Task statement – Print nothing except the line holding "值得注意的是,根据近期国际乒" and the lines that come after it in the material below, and leave the pictures out.

Information shown –
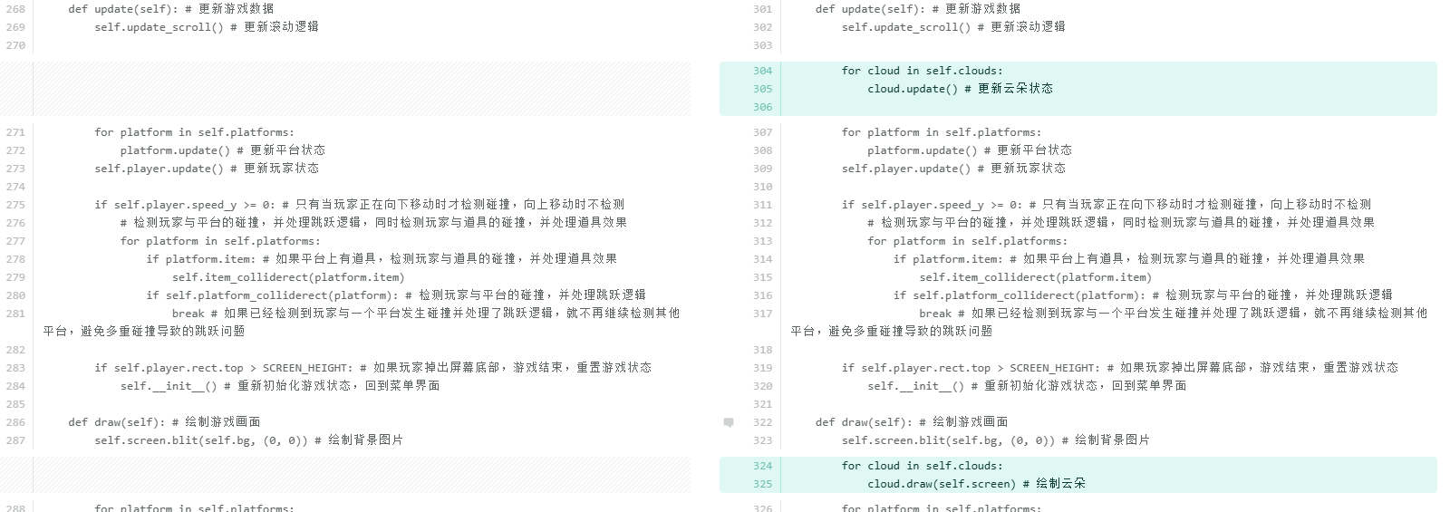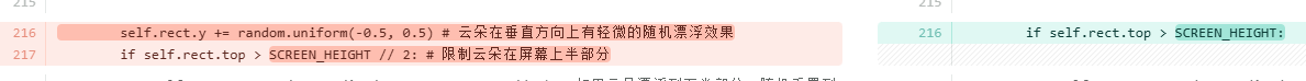 cloud.rect.y += scroll_amount // 2 # 云朵以较慢的速度向下滚动
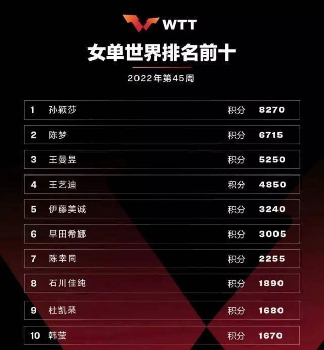 值得注意的是,根据近期国际乒联女子积分榜,王曼昱目前以5250分位列第三,王艺迪以4850分位列第四。
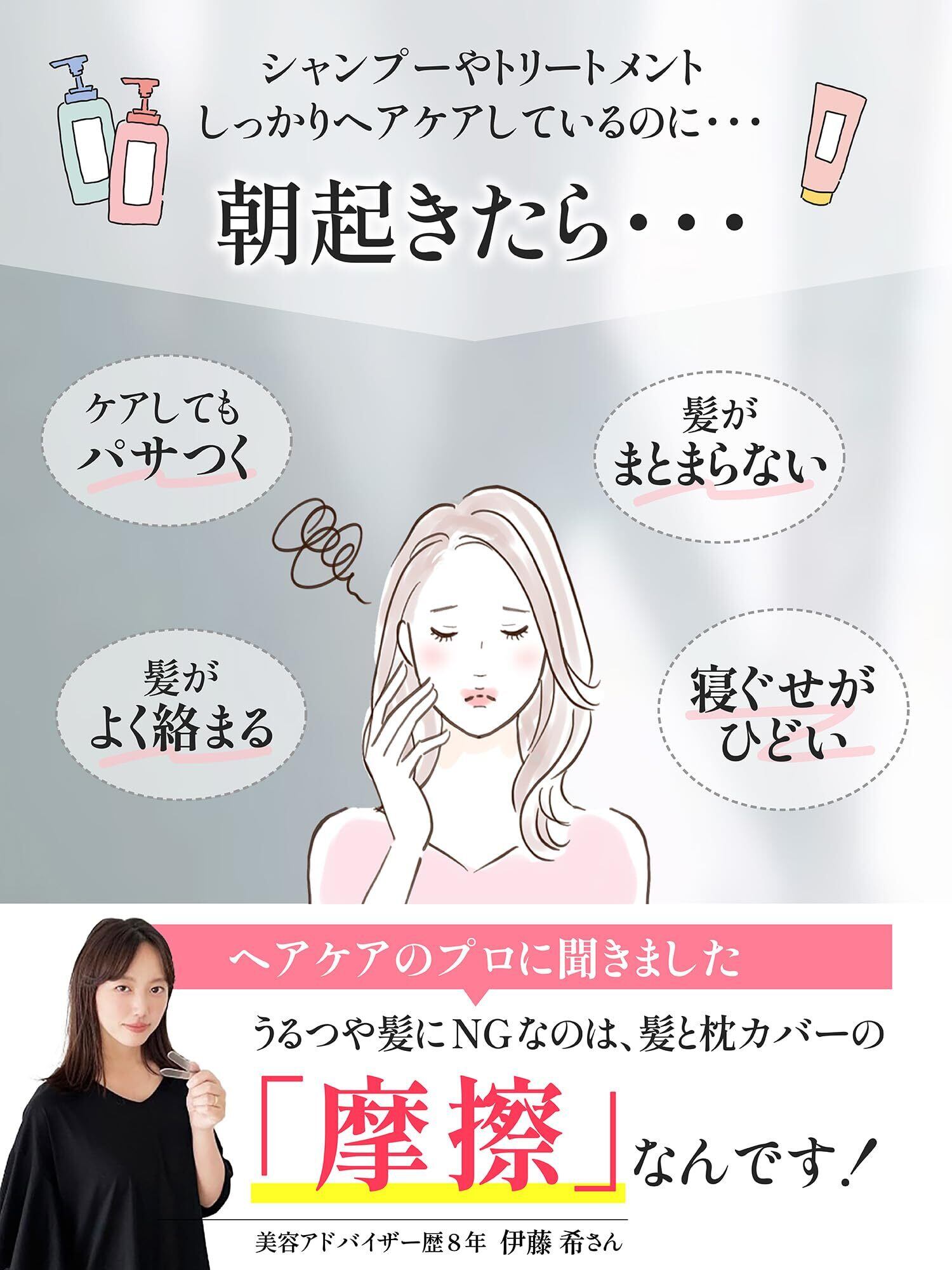 【寝ながらヘアケア】シルク枕カバーに含まれるタンパク質は、枝毛・縮毛・曲がり・乾燥を最小限に抑え、髪と髪の摩擦を軽減する効果があります。シルク枕カバーは長く使っていくうちに、髪が段々柔らかく滑らかになって光沢がでてきたりと髪質改善を実感できます。睡眠中のヘアケアアイテムとして、シルク枕カバーは大人気です。

Result –
 值得注意的是,根据近期国际乒联女子积分榜,王曼昱目前以5250分位列第三,王艺迪以4850分位列第四。
 【寝ながらヘアケア】シルク枕カバーに含まれるタンパク質は、枝毛・縮毛・曲がり・乾燥を最小限に抑え、髪と髪の摩擦を軽減する効果があります。シルク枕カバーは長く使っていくうちに、髪が段々柔らかく滑らかになって光沢がでてきたりと髪質改善を実感できます。睡眠中のヘアケアアイテムとして、シルク枕カバーは大人気です。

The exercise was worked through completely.